Case – The octagonal wooden lidded case is covered in red leather incised with lines and gold leaf patterns. The inside is partly clad with dark chamois leather, and the hinge, lock and feet are made out of bronze. The lid has a heavily worn central papal coat of arms on a red painted background.

The attribution to Carlo Plato (who also signed himself as Carolus Plato or Platel) is based on the very typical design of the horizontal dial, similar to several other instruments signed or attributed to Plato’s hand. The gimballed compass is notably typical of his work, albeit none of his known sundials are mounted in a stand, nor are of this grandeur or size. For comparisons, see British Museum, reg.no. MLA 1888, 12‑1.292 and 1922,1017.1., the Oxford MHS, new inv. nos. 49535 and 46744, and Istituto e Museo di Storia della Scienza, Florence, dated 1578, inv. 246. Also see H. Higton, Sundials at Greenwich, Oxford 2002, no. 299, pp. 311‑14, and F. A. B. Ward, A Catalogue of European Scientific Instruments in the Department of Medieval and Later Antiquities of the British Museum, London 1981, no.13, p. 22.

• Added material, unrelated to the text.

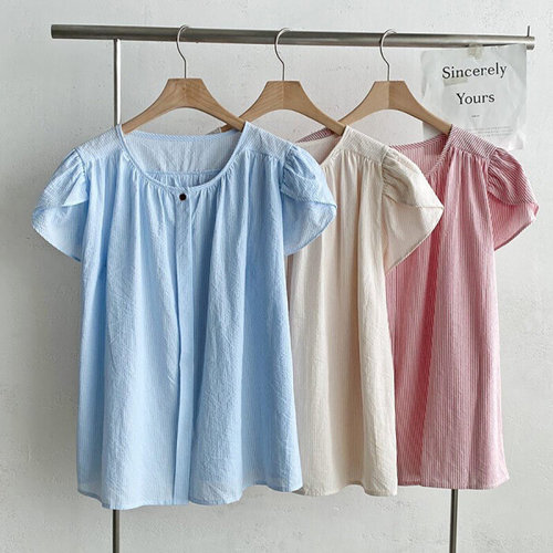 미즈큐즈 / 시원 썸머 지지미 스트라이프 튤립 날개 소매 블라우

The general adaption of the dials to the forty-second latitude, which passes just north of Rome, confirms its origin in the city, and the inscription on side B dates the instrument to 1591. Unfortunately, it predates the reign of Pope Clement VIII with more than a month, as he held the pontificate from 2 February 1592 until his death in 1605. But the years around 1591 were turbulent for the Holy See with several popes passing in rapid succession. After the death of Pope Sixtus V in 1590, the conclave elected Giovanni Battista Castagna, who is perhaps most remembered for a notable short reign of only thirteen days as Pope Urban VII (15–27 September 1590). He was in turn succeeded by Pope Gregory XIV reigning for ten months (5 December 1590 –16 October 1591) and shortly thereafter followed by Pope Innocent IX, reigning for only two months (29 October – 30 December 1591). Following this papal surge in the early 1590s, the Florentine Ippolito Aldobrandini as Pope Clement VIII had a long and rather successful papacy until his death thirteen years later.

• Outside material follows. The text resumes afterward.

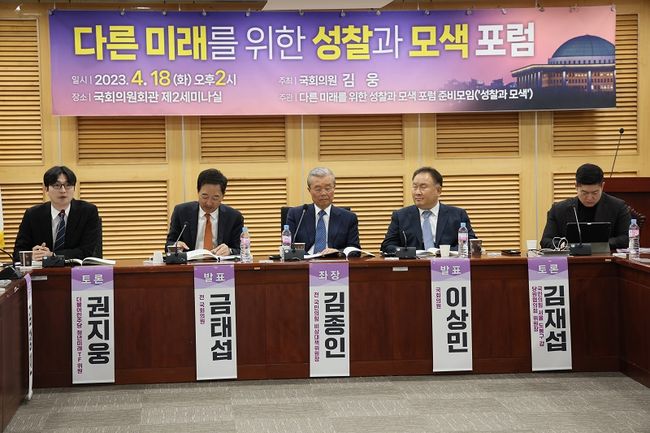 더불어민주당과 국민의힘에서 모두 비상대책위원장을 지낸 김종인 전 위원장은 18일 국회 의원회관에서 열린 ‘다른 미래를 위한 성찰과 모색 포럼’의 첫 토론회에 좌장으로 참석해 이같이 언급했다.
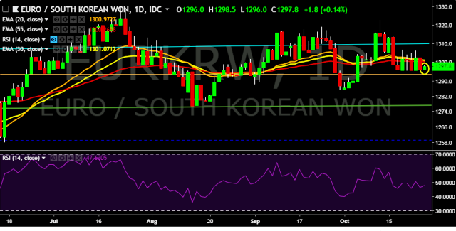 We prefer to take long position on EUR/KRW only above 1,302, stop loss at 1,294 and target of 1,315.

In addition to the date 1591 on the instrument, predating the reign of its dedicatee Pope Clement VIII, we find some manipulations of the name scroll and papal escutcheon. The heraldic achievement with the crossed keys and papal tiara is completely original (just as the dating), but the oval escutcheon in the centre seems altered along with the papal name scroll at the bottom. With the previously disruptive period in mind, a feasible hypothesis is that the instrument was commissioned for one of Pope Clement VIII’s predecessors but never delivered. Keen on adapting the instrument to the new Pope, the instrument maker polished away the previous name and escutcheon and replaced them with those of Clement VIII. A similar alteration is found on a pocket compendium dated 1582/83 and attributed to Plato (now in the Royal Museum in Greenwich, inv. AST0136), in which a complete dial has been engraved on top of a previous one that had been scraped away, i.e. the practice was not unseen of.

In conclusion, this is a remarkable Italian scientific instrument from the late sixteenth century of a magnitude that rarely surfaces the art market.